BEGIN

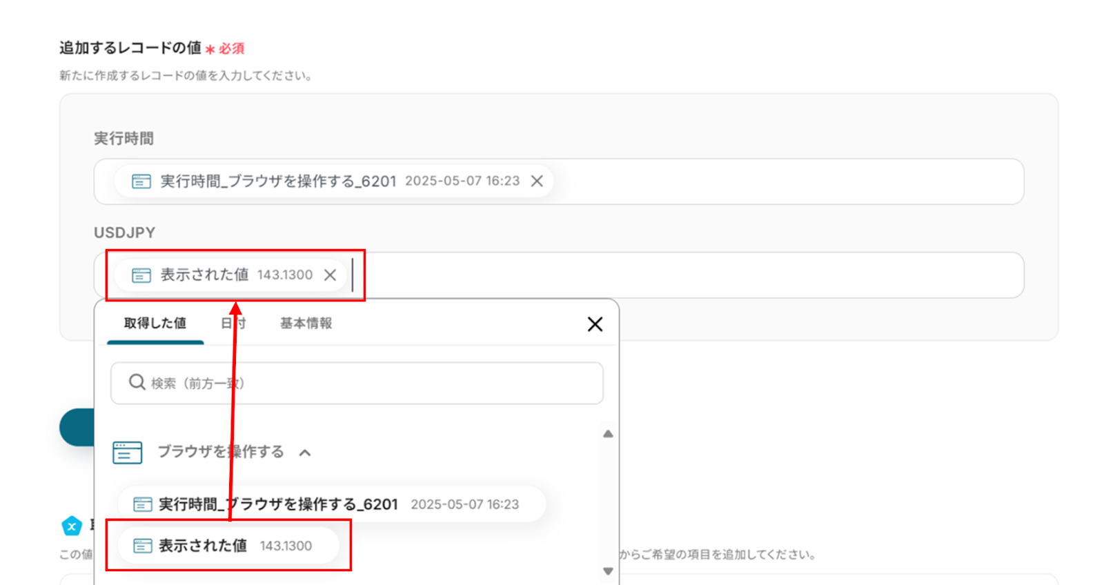 (4)「データベース操作の詳細設定」画面から、追加するレコードの値を「取得した値」から選択します。
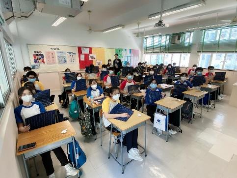 除了禮堂,各班學生在課室同步開始參與寫法。
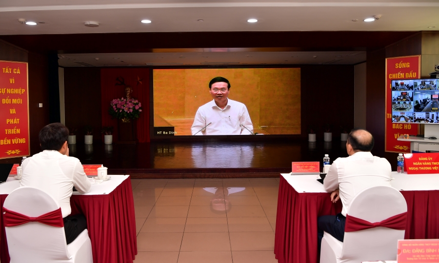Thực hiện chỉ đạo của Đảng ủy Khối DNTW, Đảng ủy Vietcombank đã tổ chức Hội nghị trực tuyến kết nối với Hội nghị toàn quốc nghiên cứu, học tập, quán triệt, tuyên truyền Nghị quyết Hội nghị lần thứ 5 BCH Trung ương Đảng khóa XIII (Điểm cầu trung tâm).
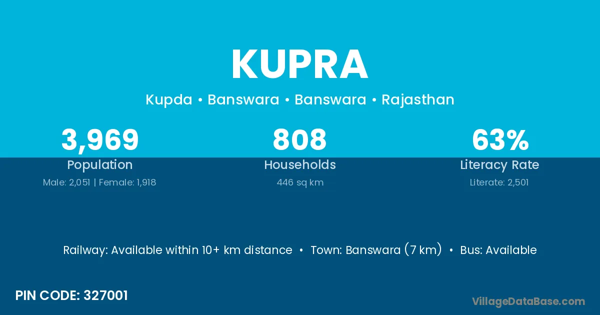 Barkot (34 km) is the nearest town to Kupra village for major economic activities and is located approximately 34 km away.
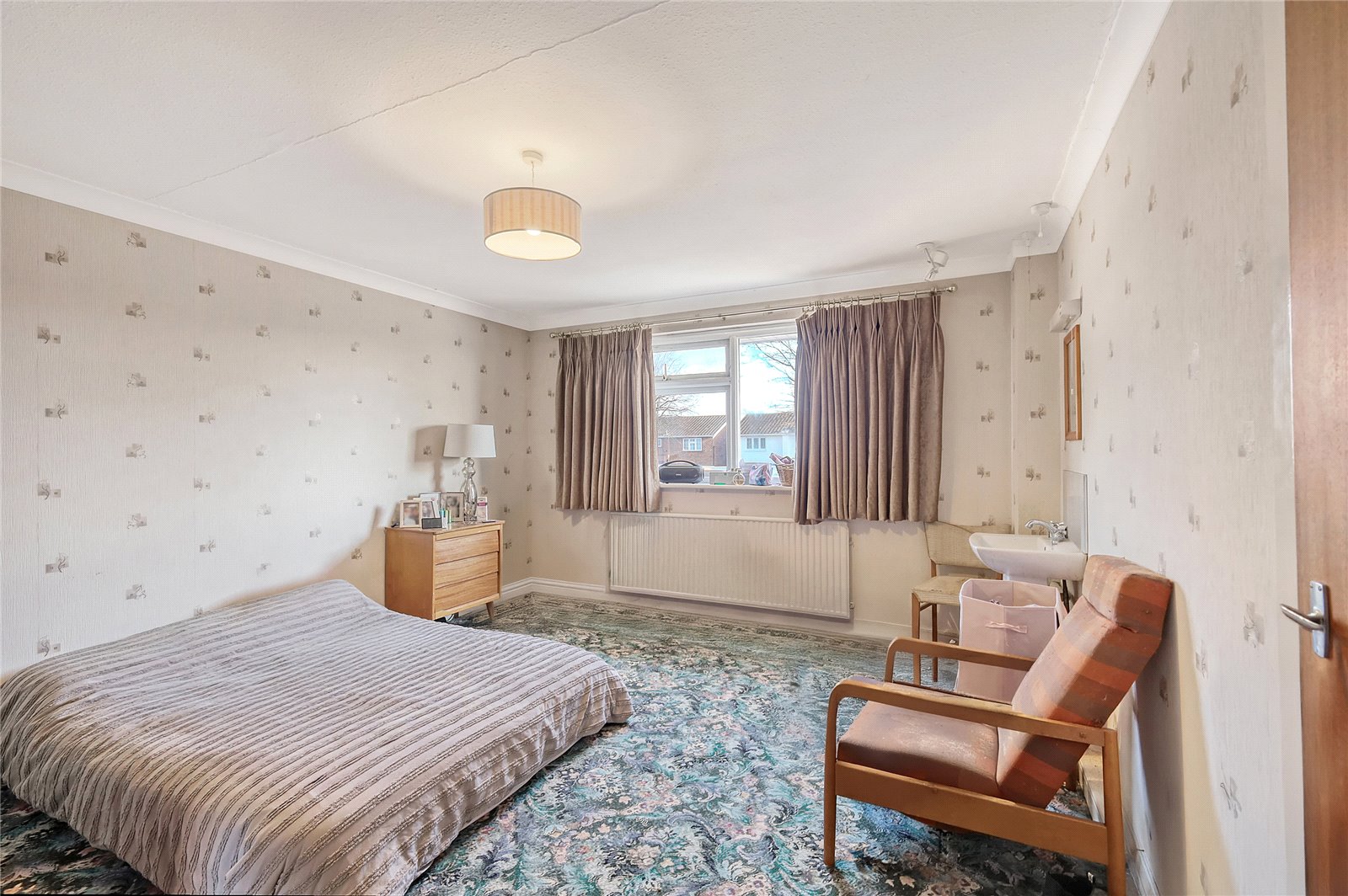 uPVC double glazed window to front. Radiator. Access to built in wardrobe cupboard. Pedestal wash handbasin with tiled splashback. Coved cornice to ceiling.
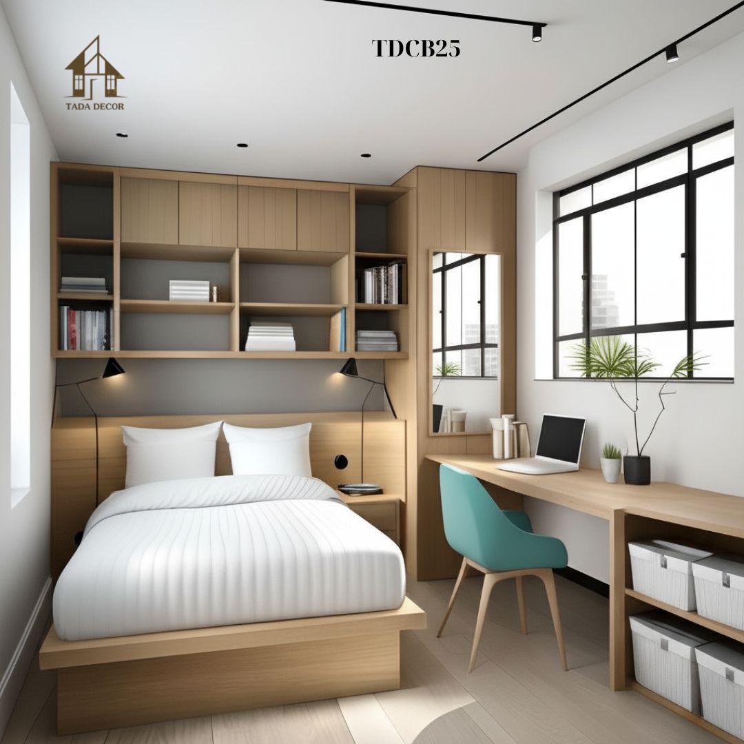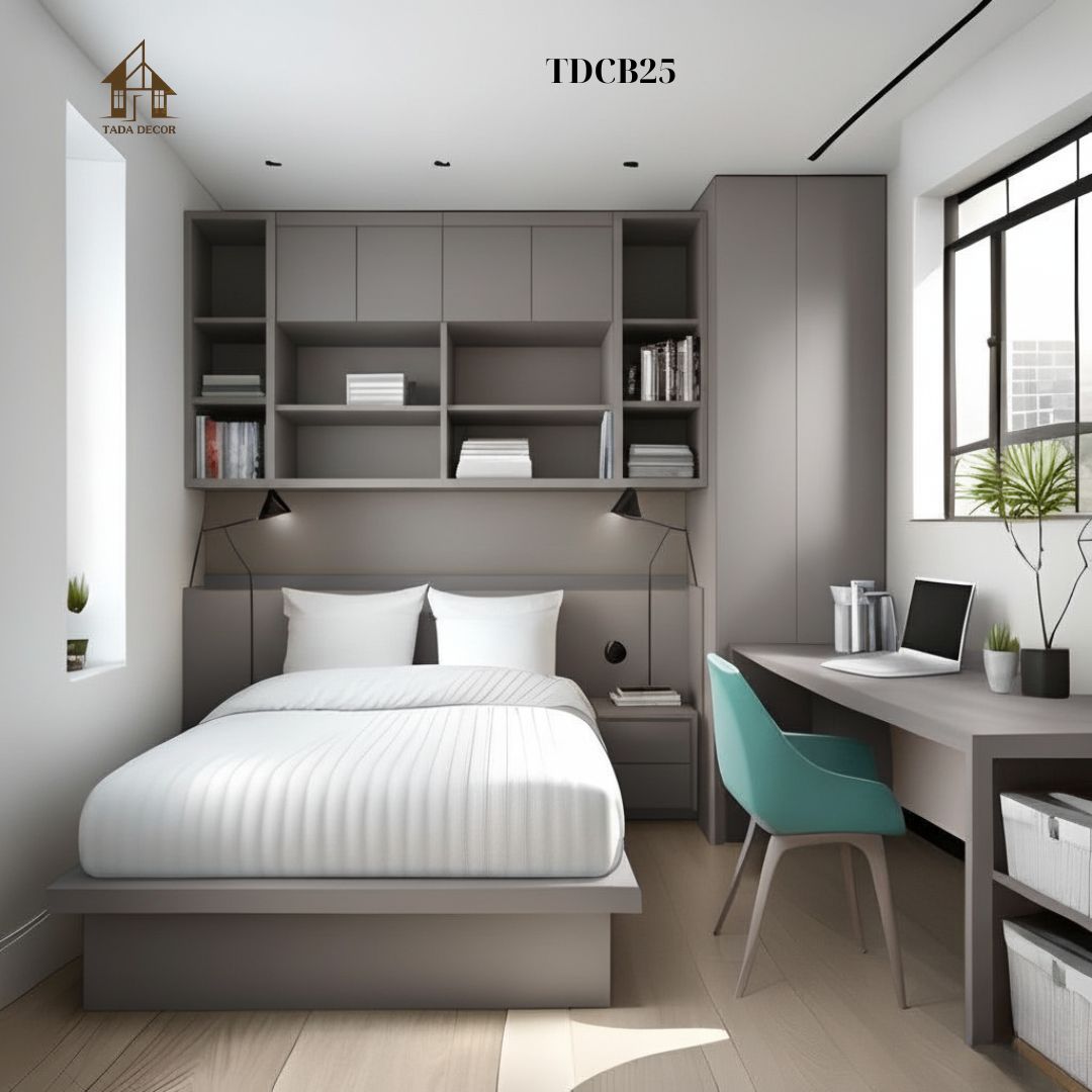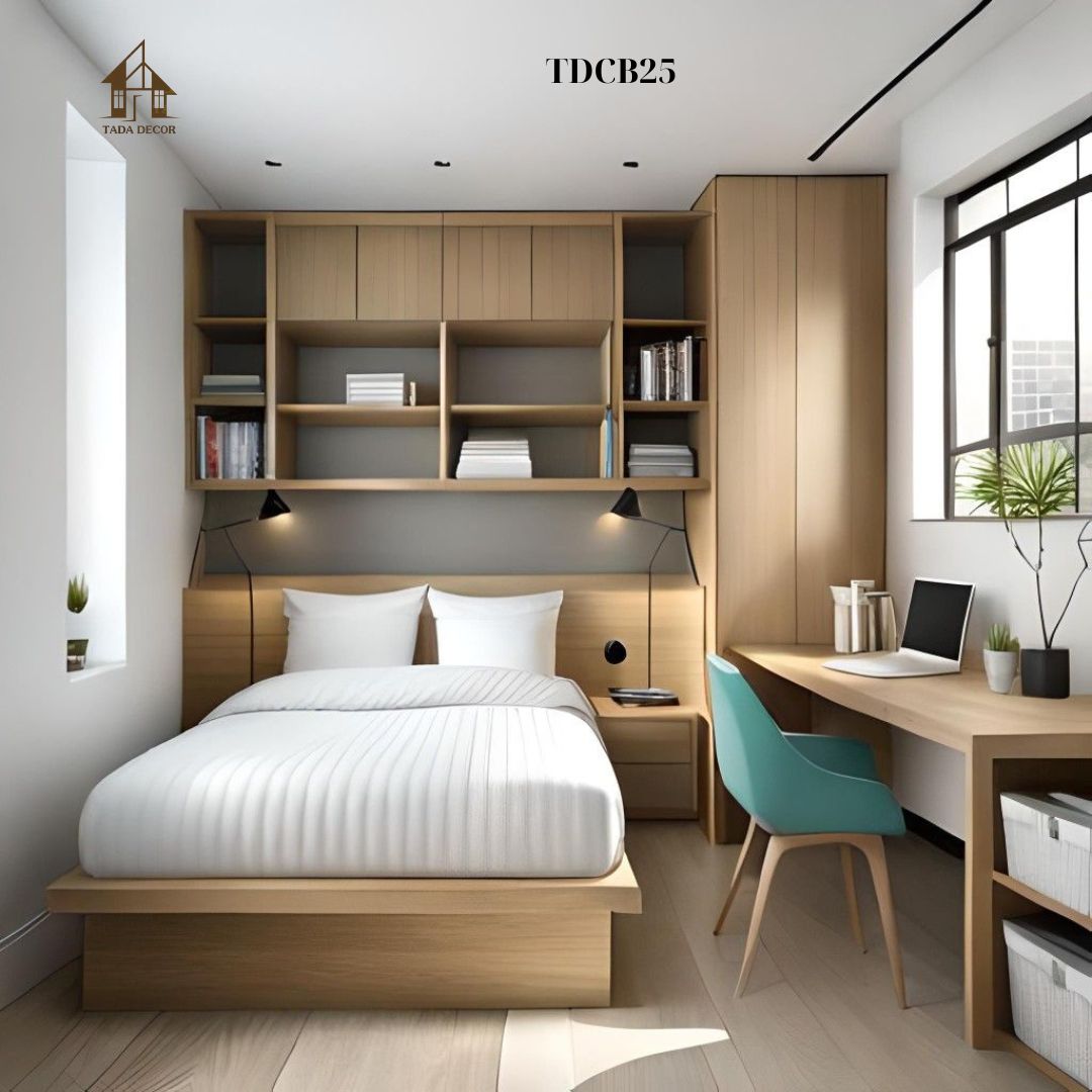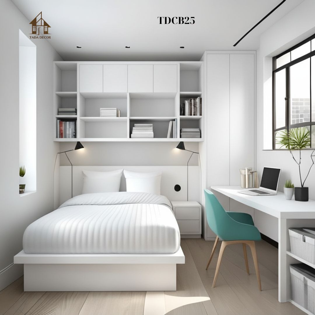 Combo TDCB25 bao gồm giường ngủ, tủ quần áo, bàn học và kệ đựng sách – tất cả đều được thiết kế theo phong cách tối giản, tinh tế, dễ dàng hòa hợp với mọi kiểu không gian từ căn hộ nhỏ đến nhà phố.

END

**DIRECTIONS**. Restate, word for word, each line from the line containing "Barkot (34 km)" through the end of the entries above; the pictures are not part of the copy.

**ANSWER TO THIS TASK**.
 Barkot (34 km) is the nearest town to Kupra village for major economic activities and is located approximately 34 km away.
 uPVC double glazed window to front. Radiator. Access to built in wardrobe cupboard. Pedestal wash handbasin with tiled splashback. Coved cornice to ceiling.
 Combo TDCB25 bao gồm giường ngủ, tủ quần áo, bàn học và kệ đựng sách – tất cả đều được thiết kế theo phong cách tối giản, tinh tế, dễ dàng hòa hợp với mọi kiểu không gian từ căn hộ nhỏ đến nhà phố.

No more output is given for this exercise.